Project Summary
Infants born preterm are exposed to an array of morbidities. The most common cardiovascular problem
observed in this population is patent ductus arteriosus (PDA). Following surgical closure of a PDA, infants can
develop Post-Ligation Cardiac Syndrome (PLCS), a serious complication which represents a state of severe
postoperative cardiopulmonary instability. PLCS can be observed in up to 50% of extremely premature infants
after surgical closure of the PDA. Recognition and treatment of PLCS often occurs late and treatment is
variable across hospitals. To date, there have been no randomized controlled clinical trials (RCTs) of
cardiovascular drugs to either prevent or treat PLCS in preterm infants. Given the variance in treatment of
PLCS, the potential use of harmful treatments amid suboptimal evidence or scientifically proven justification for
use, a masked, multicenter randomized trial is essential.
Preliminary data suggest that milrinone, a commonly used cardiovascular medication, reduces the risk of
PLCS in neonates requiring surgical ligation for PDA. The proposed Milrinone for Prevention of Post-ligation
Cardiac Syndrome (MIDAS) trial aims to move preliminary research forward by designing and implementing an
RCT to obtain additional data to determine efficacy of prophylactic milrinone at reducing the incidence of PLCS
and improving neonatal outcomes.
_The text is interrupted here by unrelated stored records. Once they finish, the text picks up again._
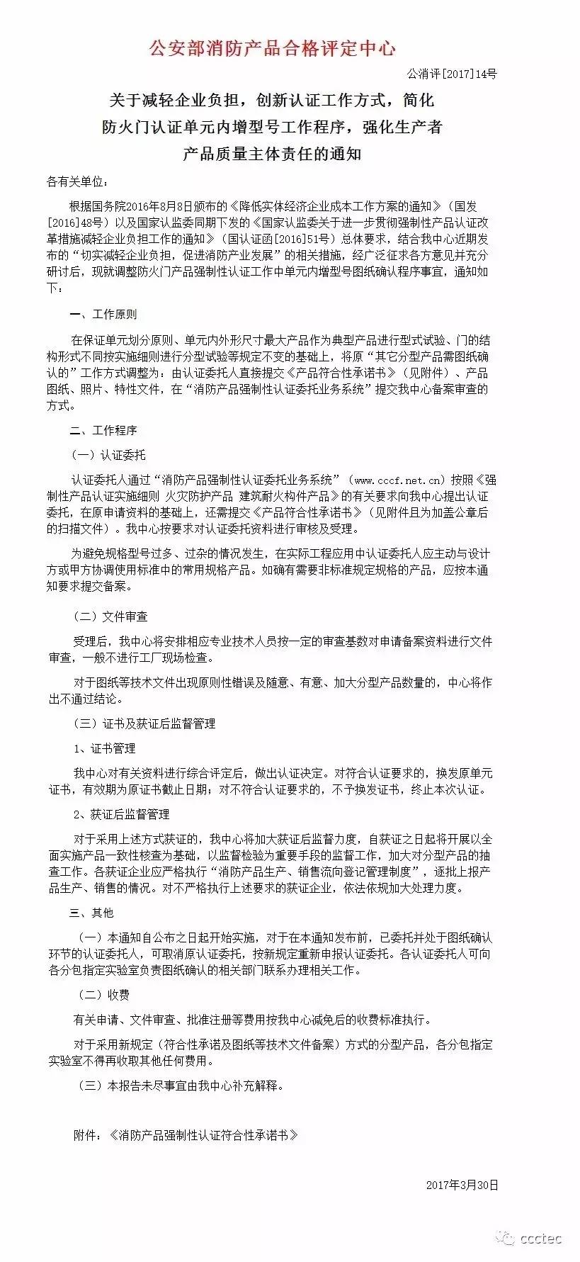 關(guān)于減輕企業(yè)負(fù)擔(dān),創(chuàng)新認(rèn)證工作方式,簡化防火門認(rèn)證單元內(nèi)增型號(hào)工作程序,強(qiáng)化生產(chǎn)者產(chǎn)品質(zhì)量主體責(zé)任的通知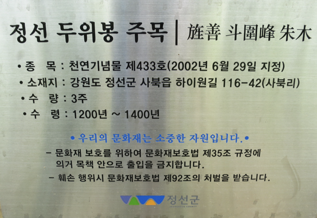 *코스:단곡주차장 - 감로수샘터 - 아라리고개 - 철쭉군락지 - 두위봉정상 - 산쭉쉼터 - 주목군락지 - 도사곡주차장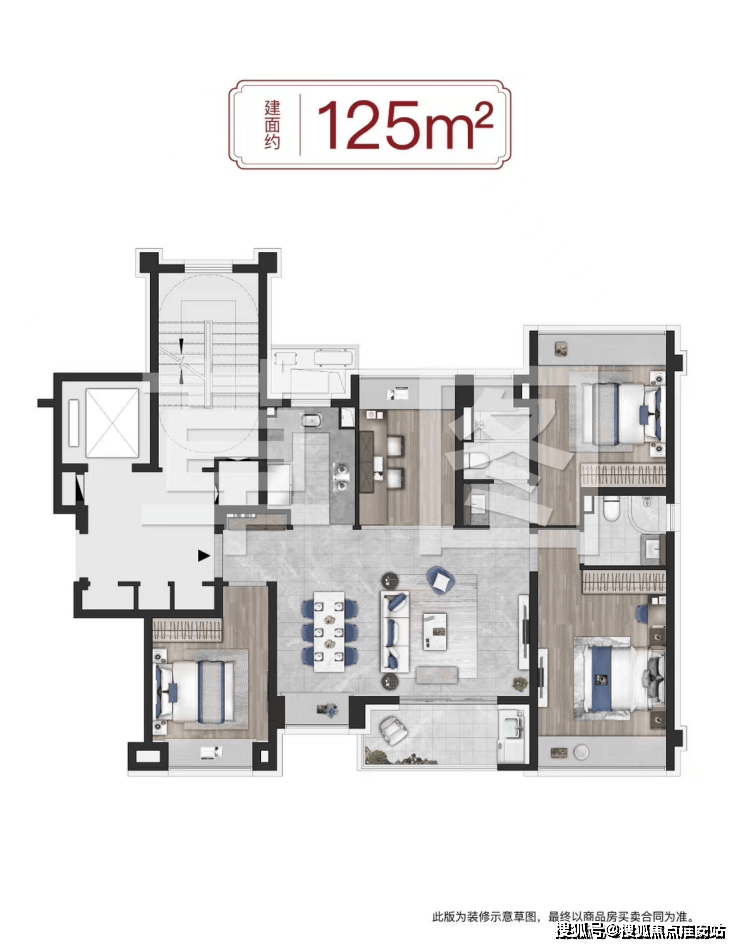 约125㎡4房2卫户型是约99㎡的升级版,四房更能保障业主的全生命周期需求。

We will apply the experience and rigor of the Neonatal Research Network
infrastructure in performing randomized placebo-controlled trials in union with RTI’s leadership in statistical
design and analysis and numerous prior successes in the development and implementation of RCTs. The
specific aims for the MIDAS trial are:
• Specific Aim #1: Determine the efficacy of prophylactic milrinone on decreasing PLCS and mortality
in extremely preterm infants, born at gestational age <27 weeks and 6 days, after PDA closure by
surgical ligation or percutaneous cardiac catheterization.
• Subsidiary Aim: Determine the effects of prophylactic milrinone on 2-year survival and incidence
of adverse neurodevelopmental outcomes in extremely preterm infants treated with PDA
ligation.
With successful execution of these planned experimental aims, the DCC will be able to contribute toward
identification of an evidence-based approach (demonstrative of external validity and reproducibility) for the safe
prevention and treatment of PCLS in preterm infants.